# 10 weeks: Sharp stabbing pains in lower abdomen?



## Blueberries17

I will be 10 weeks tomorrow, and about 2 hours ago I woke from a nap with sharp shooting pains in my lower abdomen. It was painful enough to knock the wind out of me, but no bleeding. It has become less frequent now, but every so often, I get a sharp stabbing pain that makes me jump! Anyone experience this? Any advice?

Thank you for reading :hugs:


----------



## Gabber

I got a little of that which started a couple of days ago, but I think if you're not bleeding, it's probably just your utuerus stretching since the baby is getting bigger. There is a lot going on in there, so it could just be all the changes. If it doesn't go away and is too painful, I would go see a doctor just to be safe.


----------



## rm16

Hi! I had this yesterday and I am also 10 weeks, 11 after the weekend if I get that far...
Mine felt like a knife through the centre of where I think my uterus is, was yours like that? I have posted on the PAL forum (had a MMC at 11 weeks a couple of years ago and this is my first pregnancy since so I am TERRIFIED!) but no one there really seemed to recognize the pain I was talking about? 
I hope for both of us that it's all normal and everything's ok xx


----------



## Lozdi

I had some pain like this last night. I was hunched over online and it felt as if my baby had taken a disliking to the position and was karate kicking me in my cervix. It was so sharp it made me gasp- it went away though when I sat back and relaxed. I get all sorts of random pains but I check HB with the doppler and that takes the moments of worry away. I had a mmc too last year and its made me super aware of my uterus and the goings on of its occupant!

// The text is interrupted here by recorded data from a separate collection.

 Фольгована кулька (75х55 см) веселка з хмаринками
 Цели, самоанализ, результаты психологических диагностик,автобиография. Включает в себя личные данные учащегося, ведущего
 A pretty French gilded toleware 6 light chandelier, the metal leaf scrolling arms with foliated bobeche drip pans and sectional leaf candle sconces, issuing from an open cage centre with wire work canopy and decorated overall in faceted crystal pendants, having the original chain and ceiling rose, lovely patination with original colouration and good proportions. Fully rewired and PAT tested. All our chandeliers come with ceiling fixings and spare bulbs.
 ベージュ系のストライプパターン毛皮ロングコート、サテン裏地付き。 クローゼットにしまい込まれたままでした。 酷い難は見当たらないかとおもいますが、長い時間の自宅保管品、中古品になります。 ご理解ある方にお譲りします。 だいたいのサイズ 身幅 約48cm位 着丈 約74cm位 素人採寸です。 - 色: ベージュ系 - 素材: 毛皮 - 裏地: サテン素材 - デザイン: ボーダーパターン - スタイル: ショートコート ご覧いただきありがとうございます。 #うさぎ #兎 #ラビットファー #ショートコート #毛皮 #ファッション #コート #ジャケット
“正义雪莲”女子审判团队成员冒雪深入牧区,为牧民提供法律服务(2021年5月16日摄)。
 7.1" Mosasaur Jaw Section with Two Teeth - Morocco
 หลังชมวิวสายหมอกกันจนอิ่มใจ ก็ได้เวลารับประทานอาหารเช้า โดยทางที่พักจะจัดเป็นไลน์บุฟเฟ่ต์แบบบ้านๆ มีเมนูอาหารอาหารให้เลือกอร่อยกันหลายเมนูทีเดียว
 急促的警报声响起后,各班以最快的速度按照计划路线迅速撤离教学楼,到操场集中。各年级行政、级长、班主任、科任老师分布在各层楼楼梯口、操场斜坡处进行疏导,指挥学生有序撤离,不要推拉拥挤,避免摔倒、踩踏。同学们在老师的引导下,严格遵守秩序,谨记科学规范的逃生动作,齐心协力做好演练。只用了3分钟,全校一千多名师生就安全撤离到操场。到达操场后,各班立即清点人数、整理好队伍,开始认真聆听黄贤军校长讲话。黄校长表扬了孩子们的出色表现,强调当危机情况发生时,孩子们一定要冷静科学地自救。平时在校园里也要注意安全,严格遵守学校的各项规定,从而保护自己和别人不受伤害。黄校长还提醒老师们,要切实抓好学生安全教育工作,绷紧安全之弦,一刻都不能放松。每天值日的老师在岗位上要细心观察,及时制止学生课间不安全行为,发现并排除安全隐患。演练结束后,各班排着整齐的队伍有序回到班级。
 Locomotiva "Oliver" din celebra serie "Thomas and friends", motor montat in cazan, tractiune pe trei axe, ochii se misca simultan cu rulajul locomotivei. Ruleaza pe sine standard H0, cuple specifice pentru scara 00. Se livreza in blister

Always call your midwife if you experience pain you feel is too much, they are used to ladies calling them for allsorts and will be very happy to reassure you and explain whats what. :hugs:


----------



## Blueberries17

rm16 said:


> Hi! I had this yesterday and I am also 10 weeks, 11 after the weekend if I get that far...
> Mine felt like a knife through the centre of where I think my uterus is, was yours like that? I have posted on the PAL forum (had a MMC at 11 weeks a couple of years ago and this is my first pregnancy since so I am TERRIFIED!) but no one there really seemed to recognize the pain I was talking about?
> I hope for both of us that it's all normal and everything's ok xx

Yes, that is the pain I am having too! It is random and surprises me every time. Just feels like I'm being stabbed and makes me catch my breath :nope: It is still going on now, about every minute or so, sometimes it goes away for 5 minutes. I have my first scan scheduled for Tuesday, so if it doesn't get worse before then, I'm just going to wait it out. I hope everything is just fine for us! :hugs:


----------



## rm16

Please let me know how your scan goes :) and I will update you on mine, if its ok...if it's not then I guess I'll be packing for another horrific day in the hospital, but I can't bear to think about that yet :(
Hopefully the fact that we both feel it might mean it's a normal stretching pain. It definitely helps to feel more normal when someone else has had the same feeling! Wishing you lots of luck for Tuesday x


----------



## akire01

I am 10 weeks tomorrow and I am also having these sharp random pains. It feels like its in my left ovary....I have had them off and on for about 2 days, they don't last very long.


----------



## Blueberries17

akire01 said:


> I am 10 weeks tomorrow and I am also having these sharp random pains. It feels like its in my left ovary....I have had them off and on for about 2 days, they don't last very long.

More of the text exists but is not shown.